The contract already has the uniswapWithdraw function, which can collect fees from Uniswap's position for users even in case of pausing. Additionally, overflowing uint128 for fees amount during only 30 minutes should be considered an impossible case.

Yes, but only if he withdraws entire liquidity even if a small portion of it would have covered the liquidity (again using the assumption that most users will use positions instead of raw assets as the major portion). imo there should still be a separate collectFees function. And we are not talking about only the fees overflowing in 30 minutes, but the addition of "withdrawn tokenOwed0 / tokenOwed1 and the fees" overflowing when manipulation happens causing price drift one way and aloe market is paused.

cvetanovv commented 1 year ago

It is difficult for me to judge whether the report is a valid medium. I rather agree with the opinion of the sponsor and the Judge.

Trumpero commented 1 year ago

@chinmay-farkya In my view, the function _uniswapWithdraw in Borrower contract calls UNISWAP_POOL.collect with the parameters amount0Requested and amount1Requested set to type(uint128).max, which means that the function always collects all fees of the specific position from UniswapV3. This is the correct behavior when interacting with UniswapV3's pools. Users will be able to collect all of their fees anytime, even when the Aloe market is paused. The overflow isn't related to Aloe contract, and it is the expectation of UniswapV3 that users should collect fees before the overflow of accumulation. Therefore, I still believe this issue should be considered invalid.

chinmay-farkya commented 1 year ago

Users will be able to collect all of their fees anytime, even when the Aloe market is paused.

No they can't because the uniswapWithdraw can only be called from within the modify callback, and the modify function blocks any action if the market is paused.

The overflow isn't related to Aloe contract, and it is the expectation of UniswapV3 that users should collect fees before the overflow of accumulation

Yes it is expected but aloe forces full withdrawl of liquidity added to fees collection in some cases, and the sum of these two numbers can overflow in the pool's burn function.

Even if fees and burned liquidity are otherwise smaller than uint128, in case of manipulation the burned liquidity can have extreme values which alone or after addition of fees can be > uint128.max

Either there should be a partial withdrawl possible or separate fees collection possible, that needs to be allowed all the time from aloe's end because uniswap says borrower is responsible to prevent this overflow by collecting his fees from time-to-time but the aloe market pausing prevents the borrower contract from abiding to this functionality in this case.

Also, there isn't a guarantee that the paused market will unpause immediately in one window (30 minutes), it can still be paused for many windows ( ie. multiples of 30 minutes) due to longer manipulation and the time it takes for twap to recover to original prices.

cvetanovv commented 1 year ago

haydenshively What do you think about this report?

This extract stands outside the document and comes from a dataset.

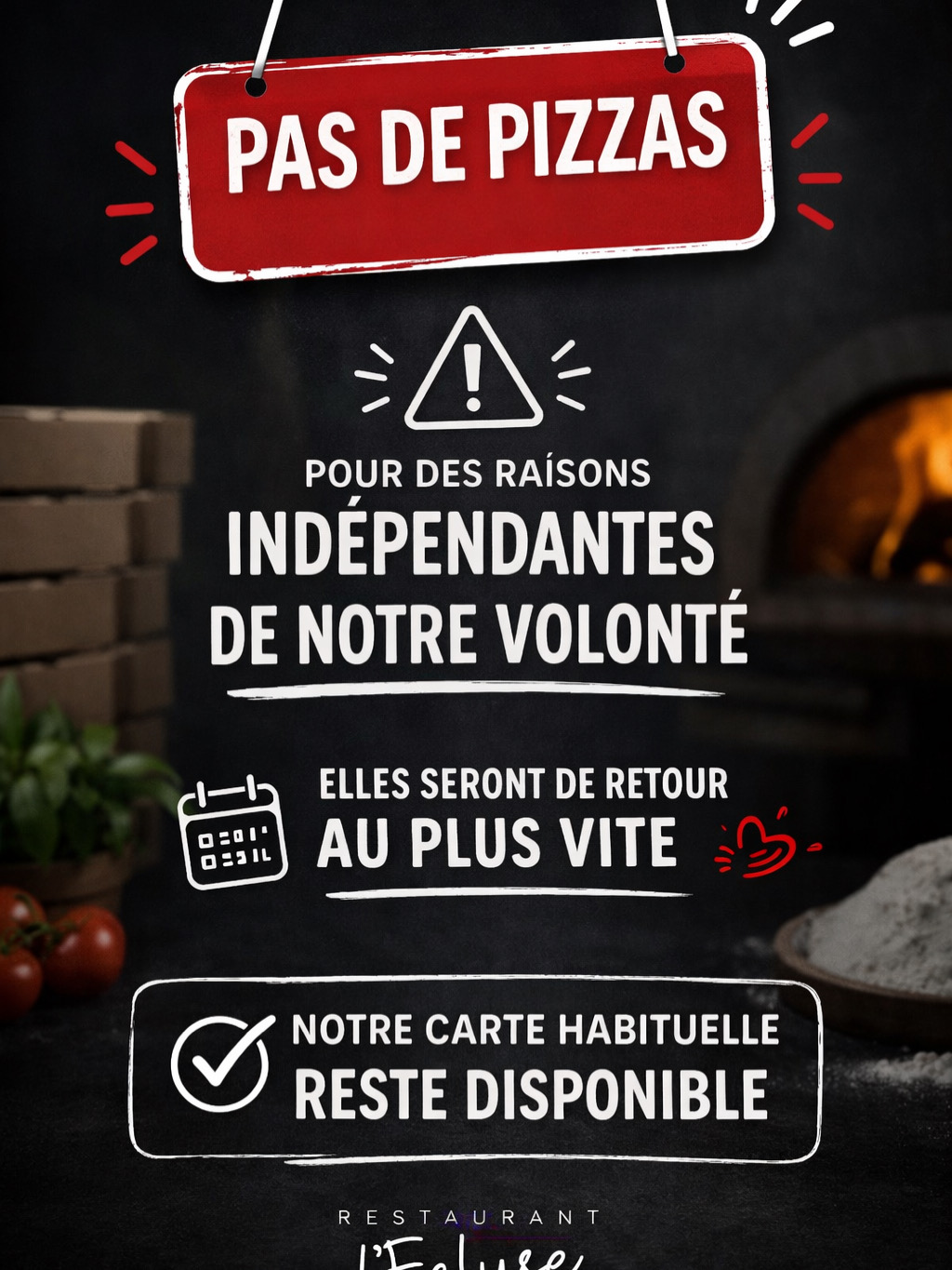Les pizzas reviennent rapidement au restaurant l’Ecluse, notre carte habituelle est disponible. Screenshot

haydenshively commented 1 year ago

Even if fees and burned liquidity are otherwise smaller than uint128, in case of manipulation the burned liquidity can have extreme values which alone or after addition of fees can be > uint128.max

uint128 should be more than enough to store the totalSupply of any commonly-used ERC20, so I don't see how manipulation could cause the liquidity inside Uniswap to exceed that value. Happy to be shown otherwise if @chinmay-farkya can show an example, but given current information I think this should remain closed.

chinmay-farkya commented 1 year ago

Well I raised this issue because uniswap says here that the user needs to keep an eye on the fees and collect before it overflows, I think there maybe a possibility according to uniswap devs' POV, but I do not have an example.

Czar102 commented 1 year ago

I don't think that the 30 min lockup changes much when it comes to liquidity management of such a position. It also seems to me that those uniswap v3 limitations are a part of the design. I think this should be informational (as brings those unobvious limitations up).

Czar102 commented 12 months ago

Result: Low Unique

sherlock-admin2 commented 12 months ago

Escalations have been resolved successfully!